Task objective: The expected output is the full data, repeated exactly, without pictures.

Dataset extract:
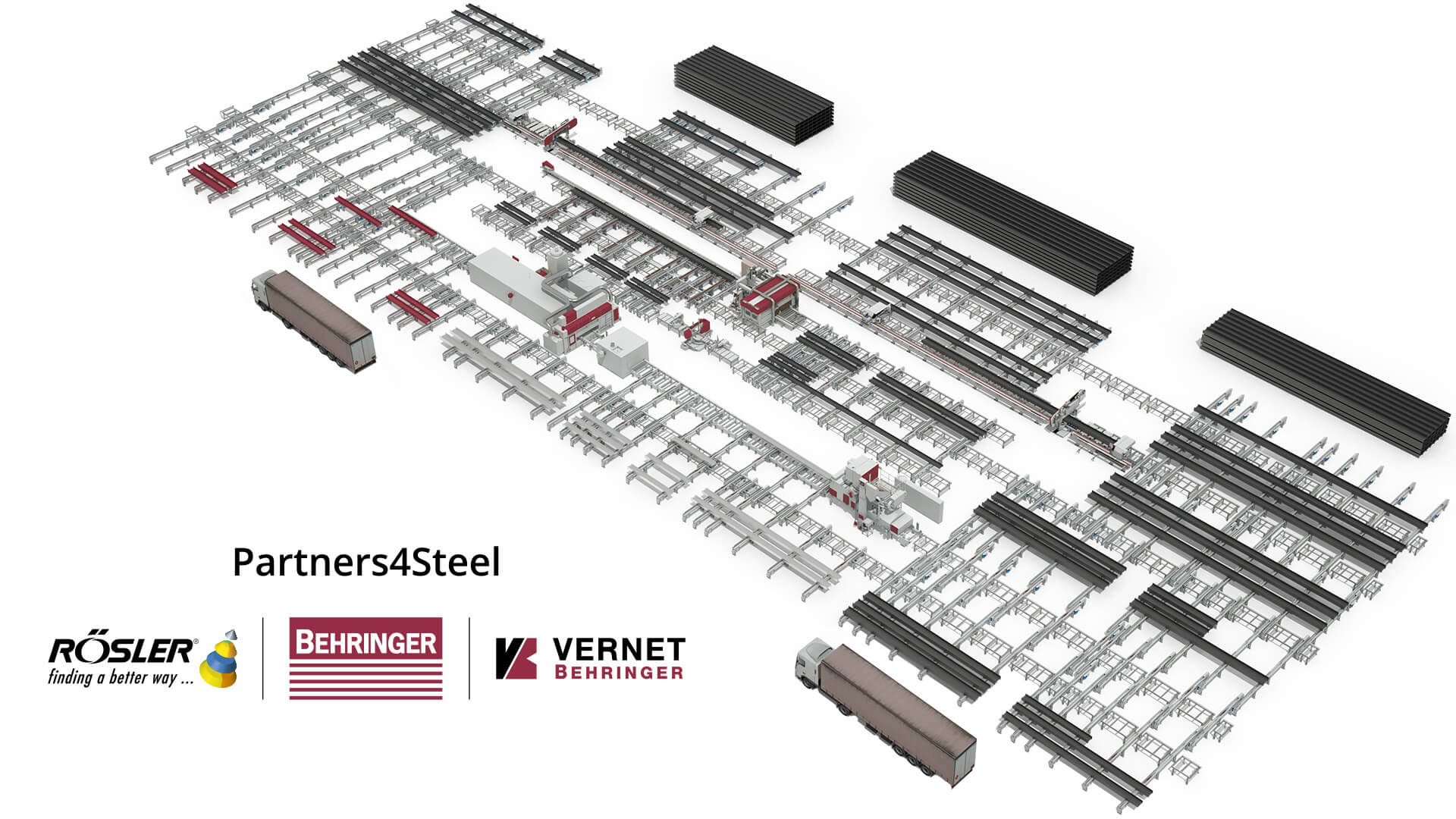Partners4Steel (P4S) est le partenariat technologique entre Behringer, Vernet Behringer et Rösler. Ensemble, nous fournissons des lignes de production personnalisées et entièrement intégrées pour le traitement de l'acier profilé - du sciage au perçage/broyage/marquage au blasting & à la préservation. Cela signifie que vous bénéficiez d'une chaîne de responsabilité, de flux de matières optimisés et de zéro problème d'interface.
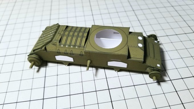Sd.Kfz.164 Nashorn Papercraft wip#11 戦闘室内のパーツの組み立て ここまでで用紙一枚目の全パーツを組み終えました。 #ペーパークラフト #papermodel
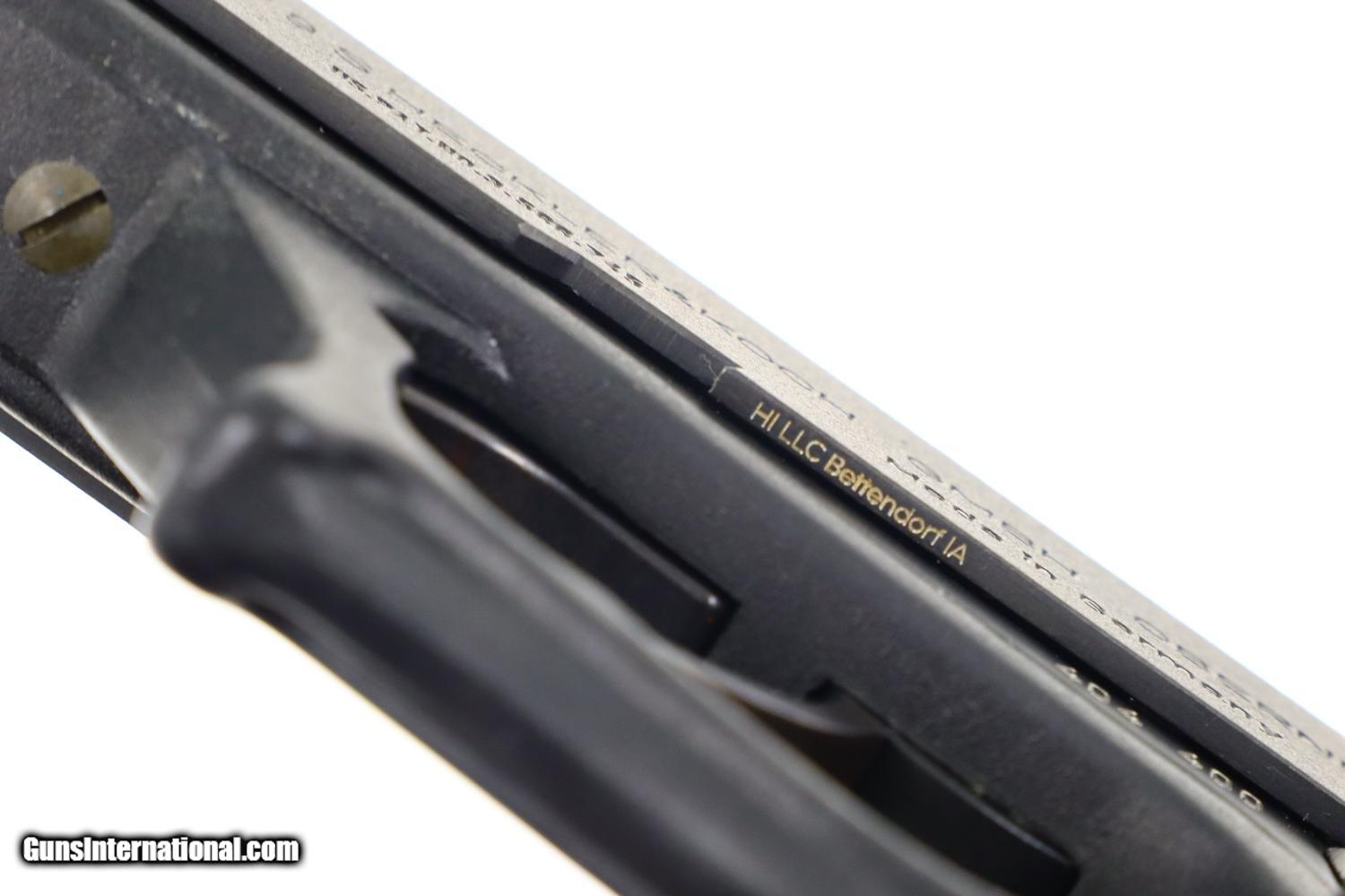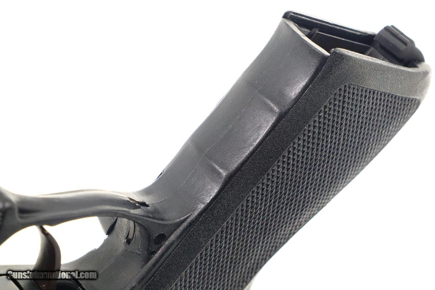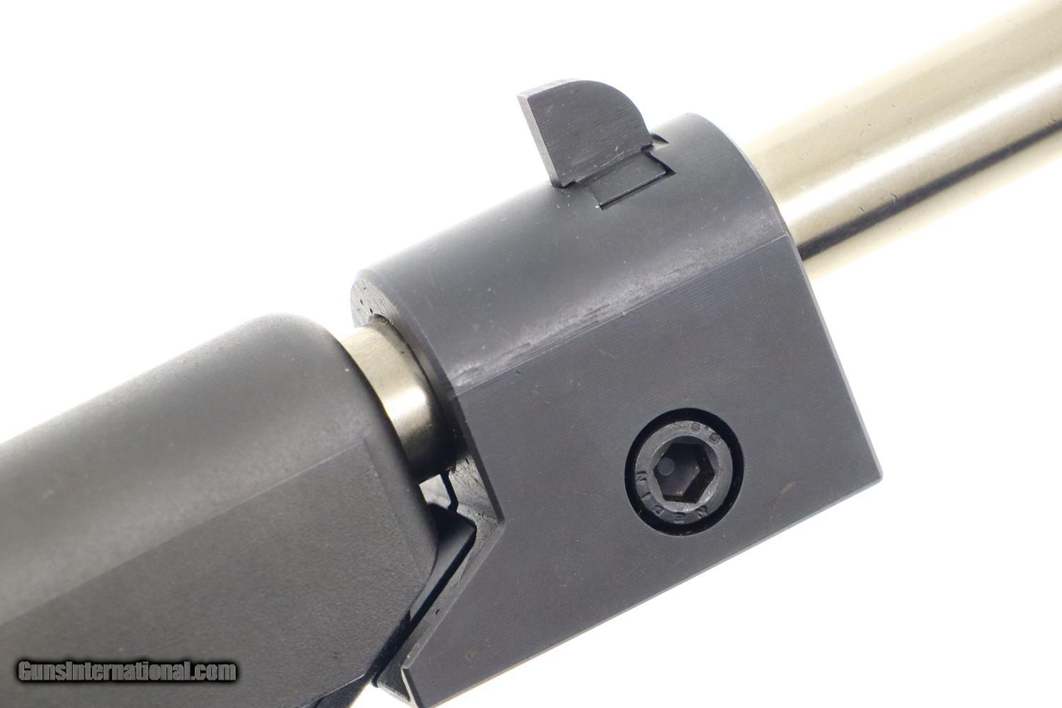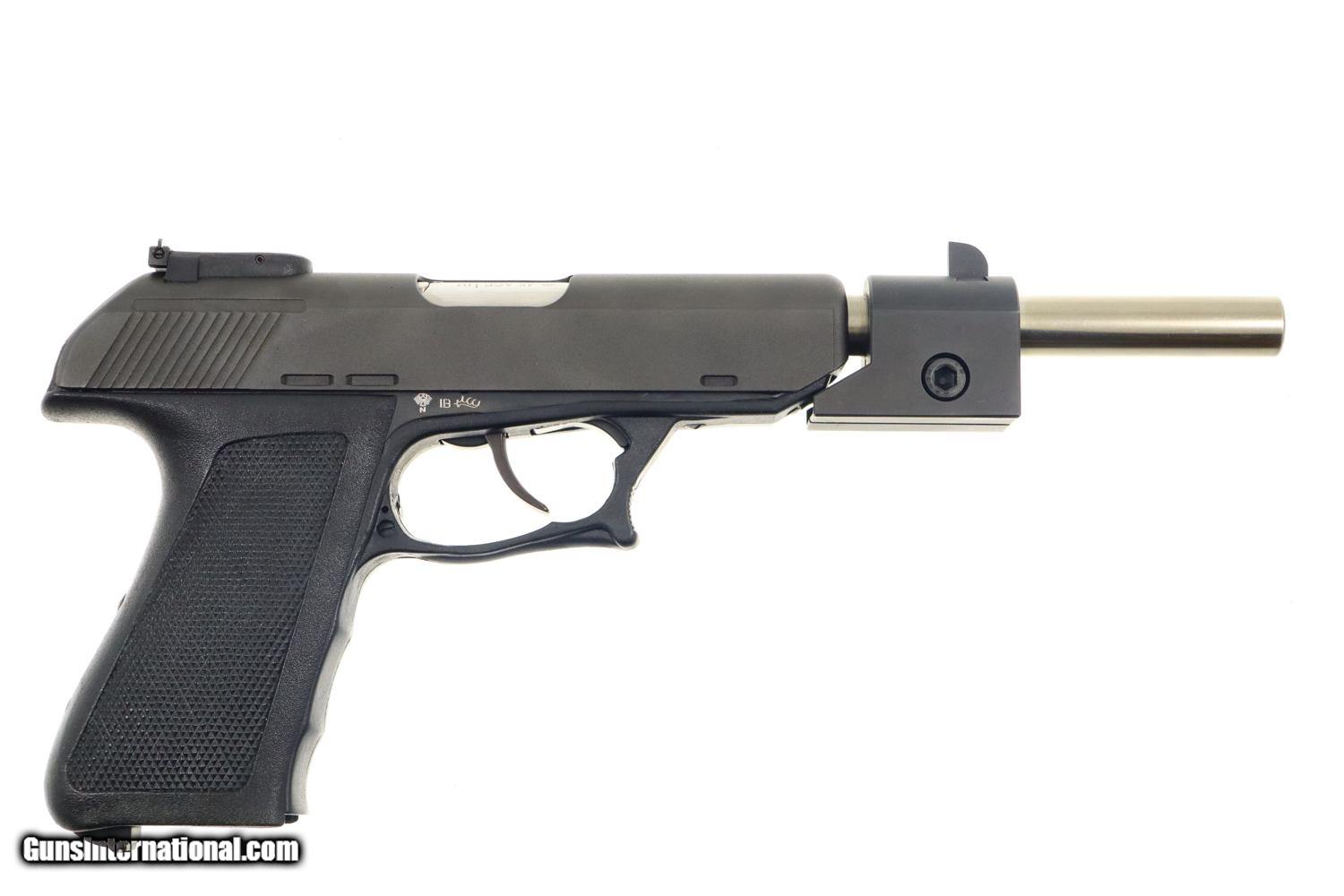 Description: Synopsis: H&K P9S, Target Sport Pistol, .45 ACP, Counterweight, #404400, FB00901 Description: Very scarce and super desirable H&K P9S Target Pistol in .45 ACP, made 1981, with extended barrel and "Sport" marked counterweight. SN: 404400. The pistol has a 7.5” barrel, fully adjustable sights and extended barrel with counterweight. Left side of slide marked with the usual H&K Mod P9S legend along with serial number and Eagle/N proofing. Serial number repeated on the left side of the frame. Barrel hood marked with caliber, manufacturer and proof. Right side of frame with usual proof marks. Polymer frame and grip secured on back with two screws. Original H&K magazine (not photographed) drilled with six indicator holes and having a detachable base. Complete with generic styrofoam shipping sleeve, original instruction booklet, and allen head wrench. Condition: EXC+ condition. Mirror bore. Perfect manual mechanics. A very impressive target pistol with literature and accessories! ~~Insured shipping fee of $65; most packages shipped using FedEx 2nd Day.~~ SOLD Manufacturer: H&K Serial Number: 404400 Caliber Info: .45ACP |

Output of the task:
Partners4Steel (P4S) est le partenariat technologique entre Behringer, Vernet Behringer et Rösler. Ensemble, nous fournissons des lignes de production personnalisées et entièrement intégrées pour le traitement de l'acier profilé - du sciage au perçage/broyage/marquage au blasting & à la préservation. Cela signifie que vous bénéficiez d'une chaîne de responsabilité, de flux de matières optimisés et de zéro problème d'interface.
Sd.Kfz.164 Nashorn Papercraft wip#11 戦闘室内のパーツの組み立て ここまでで用紙一枚目の全パーツを組み終えました。 #ペーパークラフト #papermodel
 Description: Synopsis: H&K P9S, Target Sport Pistol, .45 ACP, Counterweight, #404400, FB00901 Description: Very scarce and super desirable H&K P9S Target Pistol in .45 ACP, made 1981, with extended barrel and "Sport" marked counterweight. SN: 404400. The pistol has a 7.5” barrel, fully adjustable sights and extended barrel with counterweight. Left side of slide marked with the usual H&K Mod P9S legend along with serial number and Eagle/N proofing. Serial number repeated on the left side of the frame. Barrel hood marked with caliber, manufacturer and proof. Right side of frame with usual proof marks. Polymer frame and grip secured on back with two screws. Original H&K magazine (not photographed) drilled with six indicator holes and having a detachable base. Complete with generic styrofoam shipping sleeve, original instruction booklet, and allen head wrench. Condition: EXC+ condition. Mirror bore. Perfect manual mechanics. A very impressive target pistol with literature and accessories! ~~Insured shipping fee of $65; most packages shipped using FedEx 2nd Day.~~ SOLD Manufacturer: H&K Serial Number: 404400 Caliber Info: .45ACP |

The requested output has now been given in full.